To disable just right click and chose 'Fault Tolerance' -> 'Turn off fault tolerance'

FT in the VMkernel
·         The FT vmkernel module is called vmklogger.
·         Log entries are put in the log buffer, which is flushed/filled asynchronously.
·         Log entries are sent/received through socket on VMkernel NIC.
·         There should be a dedicated VMkernel network for logging which has FT Logging enabled.
 
Test an FT configuration
VMware provides a couple of FT scenario's that can be tested
Testing FT Failover
·         The secondary machine will become the new primary, the old primary is then removed.
·         A new secondary machine will spawn up and sync up with the new primary.
Testing Restart Secondary
·         This will destroy the current secondary VM and restart another one.
·         The primary is unaffected during this test.
Determine use case for enabling VMware Fault Tolerance on a virtual machine
There are a number of use cases for Fault Tolerance. Its best to keep in mind that Fault Tolerance however does not protect against an OS failure, or an application failure, it simply protects against a host failure. Some use cases for FT might include
·         Applications that need to be highly available (especially those with long lasting client connections) that you want to survive a hardware failure.
·         Custom built applications that have no other form of clustering available.
·         It’s a simple way to provide HA to an application and doesn't require difficult and complex setups like other clustering solutions.
·         If you want to protect a key VM during a critical time to ensure there would be no downtime if a host fails.

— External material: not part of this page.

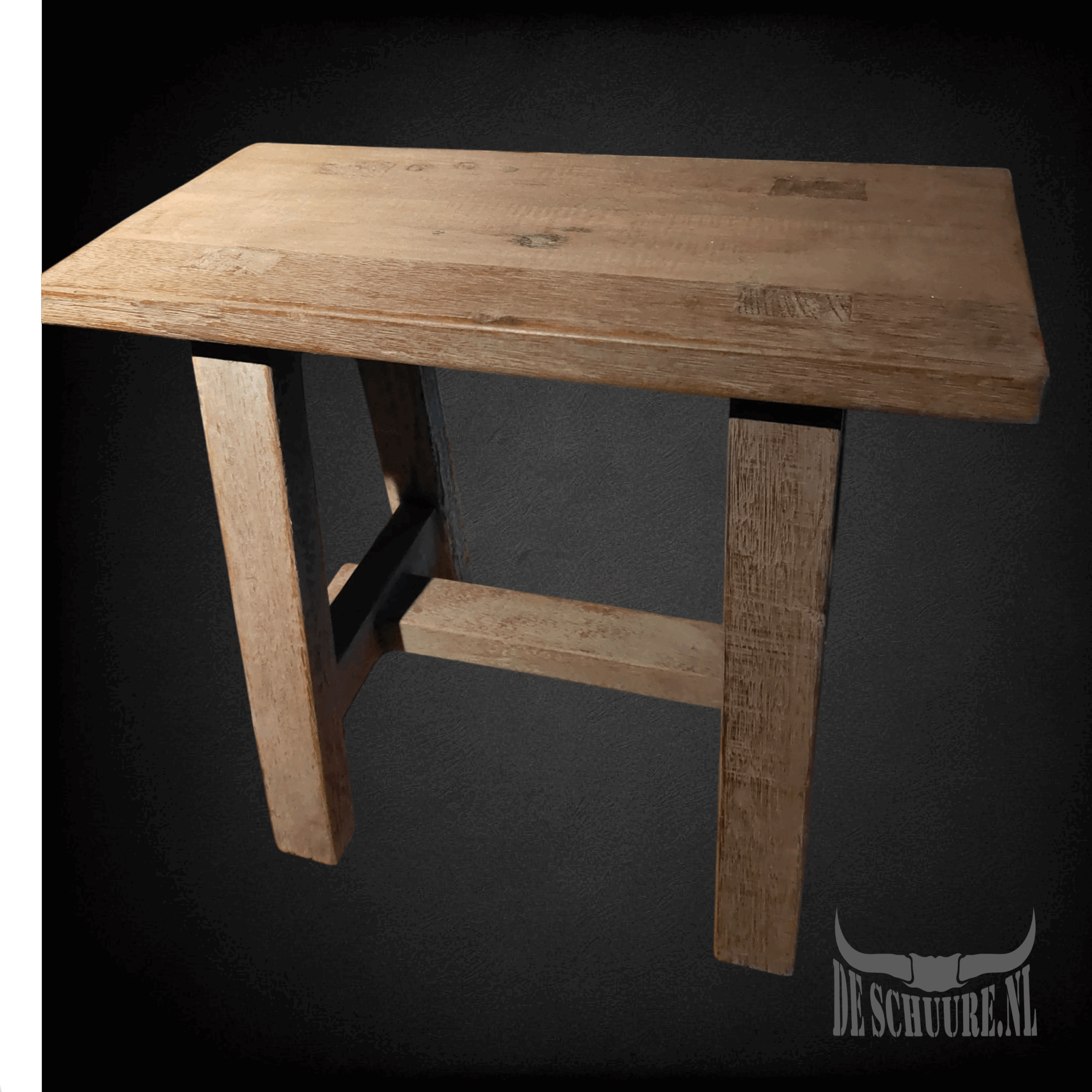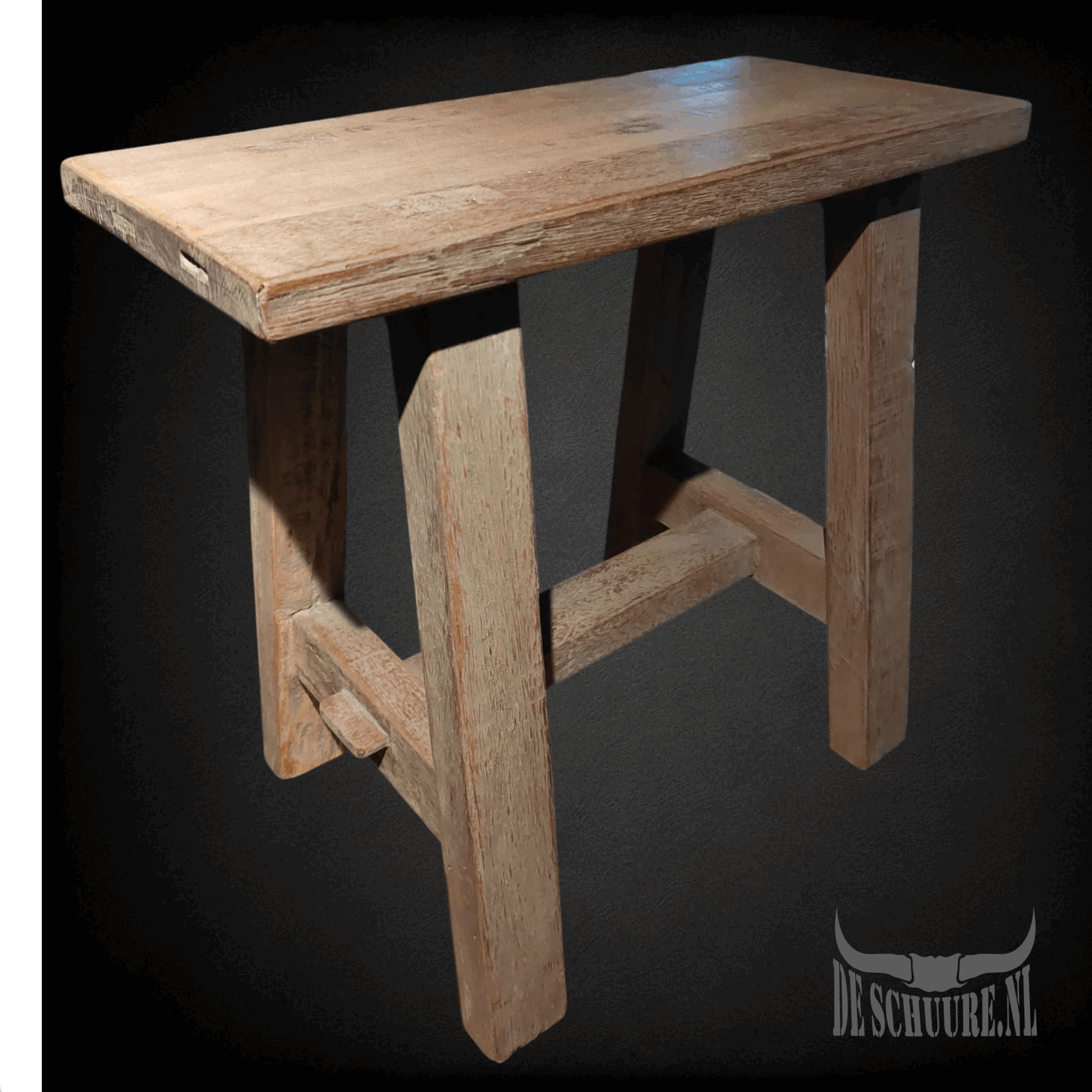 Stoer houten bankje/krukje. Kan voor verschillende doeleinden gebruikt worden.Vergrijst hout Ideaal als decoratie of functioneel meubelstuk.

Viewing Information about Fault Tolerant VMs

·         Fault Tolerant VMs have an additional Fault Tolerance pane on their summary tab which provides information about the Fault Tolerance setup and performance.
·         Fault Tolerance Status - Indicates the status of fault tolerance - Protected or Not Protected/Disabled.
 


·         Secondary Location - Displays the ESX/ESXi host on which the secondary virtual machine is hosted.
·         Total Secondary CPU - Indicates all secondary CPU usage, displayed in MHz.
·         Total Secondary Memory - Indicates all secondary memory usage, displayed in MB.
·         Secondary VM Lag Time shows the current delay between the primary and secondary VM.
·         Log Bandwidth shows the consumed bandwidth on the link for Record/Replay operations between the primary and secondary VM.
o   This value is based on the FT operations only, and is not the bandwidth usage on the wire (i.e with. TCP/IP/Ethernet headers).
FT Virtual Machine files
 
Maps View of an FT VM

Troubleshooting Fault Tolerant Virtual Machines

·         To maintain a high level of performance and stability for your fault tolerant virtual machines and also to minimize failover rates, you should be aware of certain troubleshooting issues.
·         The troubleshooting topics discussed focus on problems that you might encounter when using the vSphere Fault Tolerance feature on your virtual machines.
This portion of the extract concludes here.